Japan’s new Prime Minister Fumio Kishida was proactive and dynamic in his pursuit of the Liberal Democratic Party (LDP) presidency, which was totally out of character with his behaviour throughout his political career. He was reportedly driven by the conviction that ‘it [was] now or never’. He is once again going all out for a resounding victory in the lower house general election scheduled for 31 October.

It is early days, but Kishida’s actions to date provide clues as to what kind of prime minister he will be if the election delivers him the prime ministership. They suggest that Kishida is unlikely to take on traditional LDP vested interests and will instead be more in the conciliatory mould of former prime minister Hayato Ikeda, to whom he is bound by factional lineage. Kishida’s policy proposals to date suggest that he is flexible to the point of retreating from his initially ambitious objectives.

This is most evident with respect to Kishida’s proposals for reinvigorating the Japanese economy and creating a more equitable society. It is in this policy area that he faces the biggest political and electoral hurdles, and therefore the greatest risks to his leadership. It is also an area where he has quickly backed off from some of his key economic reform proposals, creating some confusion about what his administration’s policies will be. His objectives have become increasingly vague, making it difficult for voters to grasp his intentions.

During his campaign for the LDP presidency, Kishida developed his theory that growth was important, but that it was also necessary to consider distribution. His declared goal was to create a ‘virtuous cycle of growth and distribution’, and he promoted the concept of a ‘new Japanese capitalism’.

On 30 September — the day after he was elected leader of the LDP — he outlined a strategy called ‘the Reiwa Era Income Doubling Plan’, vowing to redistribute wealth by boosting people’s wages ‘so more can join the middle class’. The terminology was drawn directly from the 1960s economic policy for the high-growth era of former prime minister Ikeda. The Reiwa version would involve private companies returning the fruits of growth by raising wages.

Kishida also planned to achieve redistribution through the tax system, suggesting a rise in the 20 per cent flat tax rate on financial income. At his first press conference as Prime Minister on 4 October, Kishida asserted that raising the tax on capital gains and dividends was ‘one option’ for implementing his growth and distribution policy.
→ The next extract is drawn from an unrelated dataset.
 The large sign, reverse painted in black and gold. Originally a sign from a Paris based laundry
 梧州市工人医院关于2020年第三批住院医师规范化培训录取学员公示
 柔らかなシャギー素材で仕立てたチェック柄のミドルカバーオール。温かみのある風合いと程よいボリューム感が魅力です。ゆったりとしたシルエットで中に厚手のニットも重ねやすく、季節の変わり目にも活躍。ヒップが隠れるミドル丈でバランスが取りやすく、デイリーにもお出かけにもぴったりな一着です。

But stock prices began to slide as soon as Kishida won the race for the LDP leadership, with investors questioning his plan to shake up state capitalism by taxing financial income. Caving into pressure from the stock market, he changed his position on 11 October, withdrawing his commitment within a week of his inauguration. His ideas of doubling incomes in the Reiwa era and raising the capital gains tax were also completely left out of the LDP’s campaign platform.
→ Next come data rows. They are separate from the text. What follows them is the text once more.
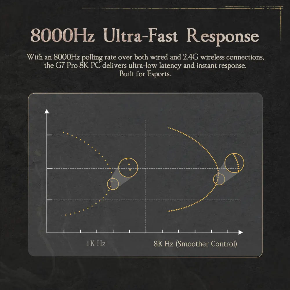With an 8000Hz polling rate over both wired and 2.4G wireless connections, the G7 Pro 8K PC delivers smoother control and instant response, ensuring every input is registered with esports-grade precision.
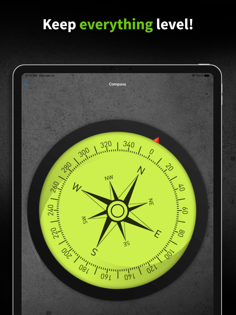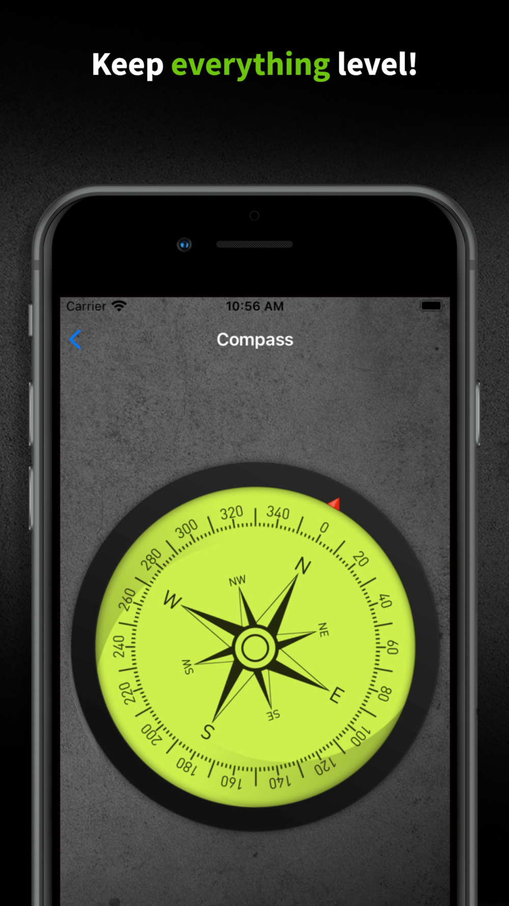 Choose from different leveling options, the 3 in 1 bubble level, the clinometer (Inclinometer) which allows you to measure the angles of sloped lines, or simply lay your phone on a surface or on its side like a traditional level. This app also has a compass with a bubble level inside which allows you to easily check your heading and level simultaneously.
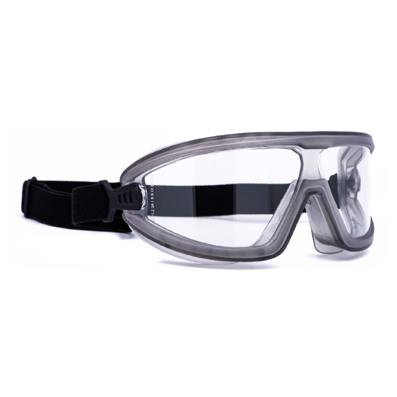Lightweight protective glasses,with adjustable fabric band. Anti-fog, antistatic polycarbonate lens.
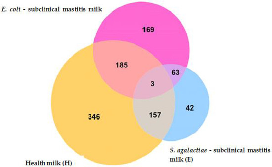 Comparative metagenomics of the microbiota of milk from healthy cows and milk from cows with subclinical mastitis (p = 0.01) confirmed that the bacteria present in the milk (S. agalactiae and E. coli) significantly changed the composition of the cow’s milk microbiome. As many as 346 OTUs were unique and only found in cow’s milk. In subclinical mastitis milk, there were 42 unique units for S. agalactiae—subclinical mastitis milk (M), while for E. coli (subclinical mastitis milk (E)), there were 169. There were 185 taxonomic units common to healthy (H) and E. coli (E), while for healthy and S. agalactiae (S), there were only 169 taxonomic units. By contrast, only three OTUs were common to all cases. A Venn diagram is shown in Figure 4.
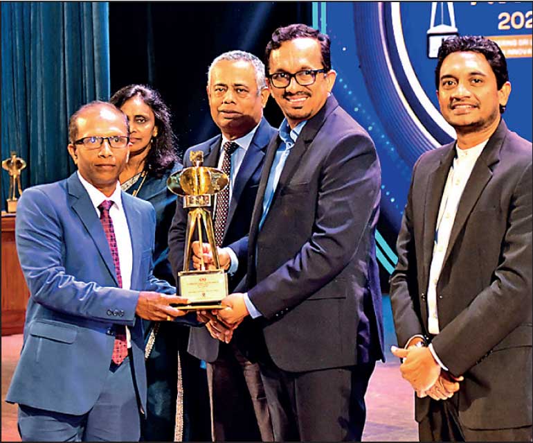 Sysco LABS Vice President – Engineering Rohana Kumara (left) accepts the award for “Exporter of the Year – ICT Sector”
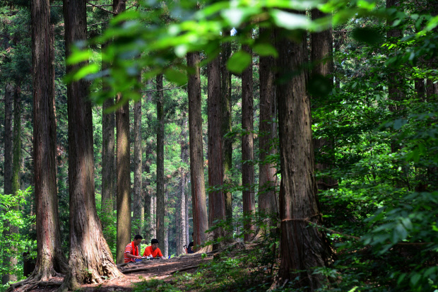 장성 축령산 휴양림을 찾은 산행객들이 녹음이 우거진 편백나무 아래에서 휴식하고 있다. /김진수기자 jeans@kwangju.co.kr
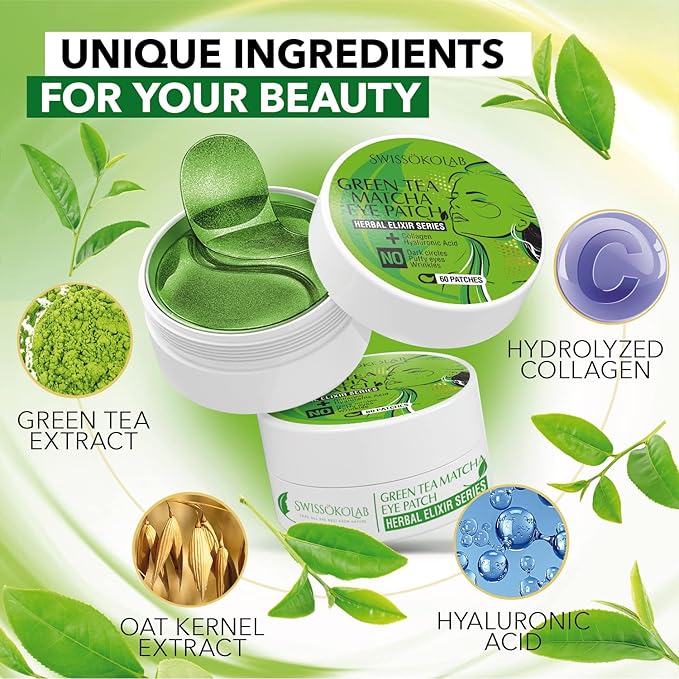 SWISSÖKOLAB Under Eye Patches For Puffy Eyes 24k Gold Eye Mask Dark Circles And Puffiness Collagen Eye Gel Pads Moisturizing & Reducing Wrinkles Anti-Aging Hyaluronic Acid (Green Tea)
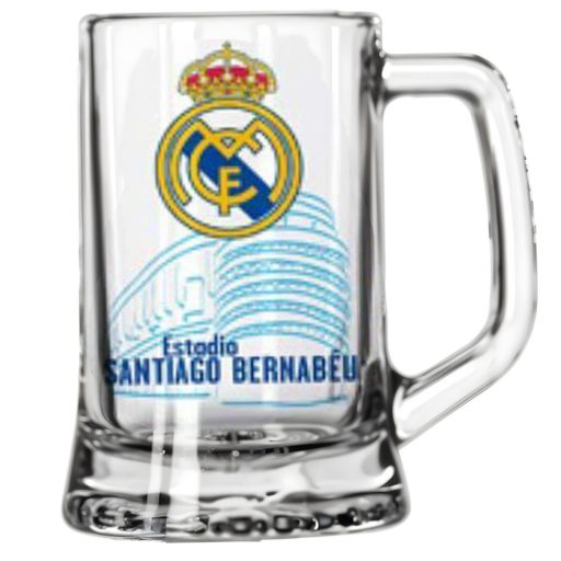 Emeld új szintre a szurkolói élményt ezzel az egyedi Real Madrid söröskorsóval, amelyet a legendás Santiago Bernabéu Stadion részletes grafikája és a klub hivatalos címere díszít. A korsó 500 ml-es űrtartalommal rendelkezik, így ideális méretű kedvenc söröd vagy bármely más ital számára.
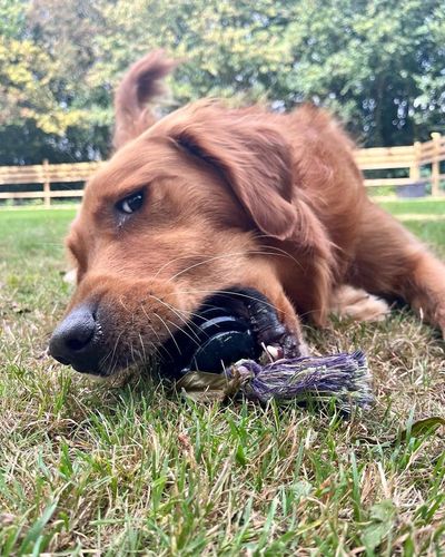Then comes everyone’s favourite part of the day (staff and dogs alike) which also happens to be the bulk of the day... It’s play and exercise time! Interspersed with enrichment time within their individual kennels, and bath time for those dogs whose owners have requested one, and whose stay ends the following day. Dogs get out one household at a time into one of our securely fenced paddocks allowing them off lead time with our staff and the pleasure of enjoying all the toys and equipment exclusively, although some prefer cuddles and love… something our team are always more than happy to give!
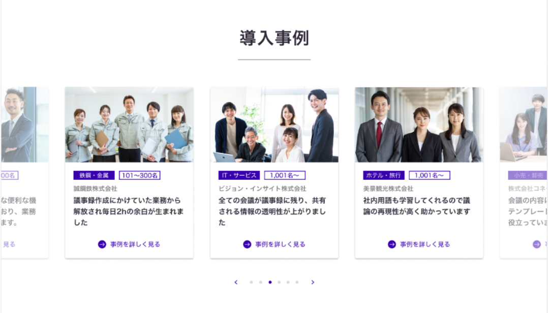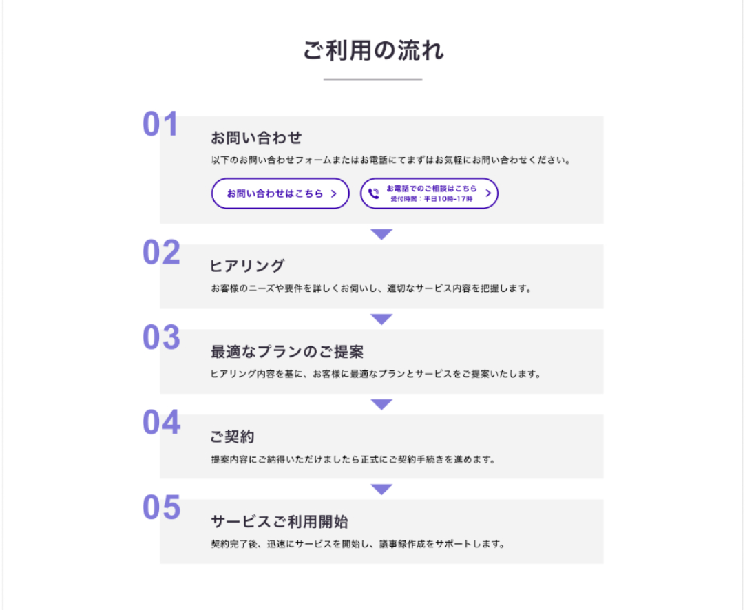 競合サービスサイトで使われていない紫をメインカラーにして、スタイリッシュで高品質な雰囲気が伝わるようにしました。

Still, Kishida continued to recite his mantra of ‘no growth without distribution’ with no clear explanation of how to achieve it. While still committed to asking the private sector to raise wages for workers, Kishida reversed his priorities, saying: ‘We should first grow our economy before talking about redistribution’.

At the same time, Kishida promised to create a Committee for a New Japanese Capitalism to ‘develop a vision for a post-pandemic economy and society’. In mid-October he set up a New Capitalism Realisation Headquarters with himself as chairman, an institution officially charged with developing measures to promote a sustainable cycle of economic growth and wealth distribution. Establishing this body not only deflected political responsibility for Kishida’s own policy initiatives; it also suggested that his notion of ‘new capitalism’ had no concrete content. As one LDP candidate observed, the plan ‘is long on words but short on actions’.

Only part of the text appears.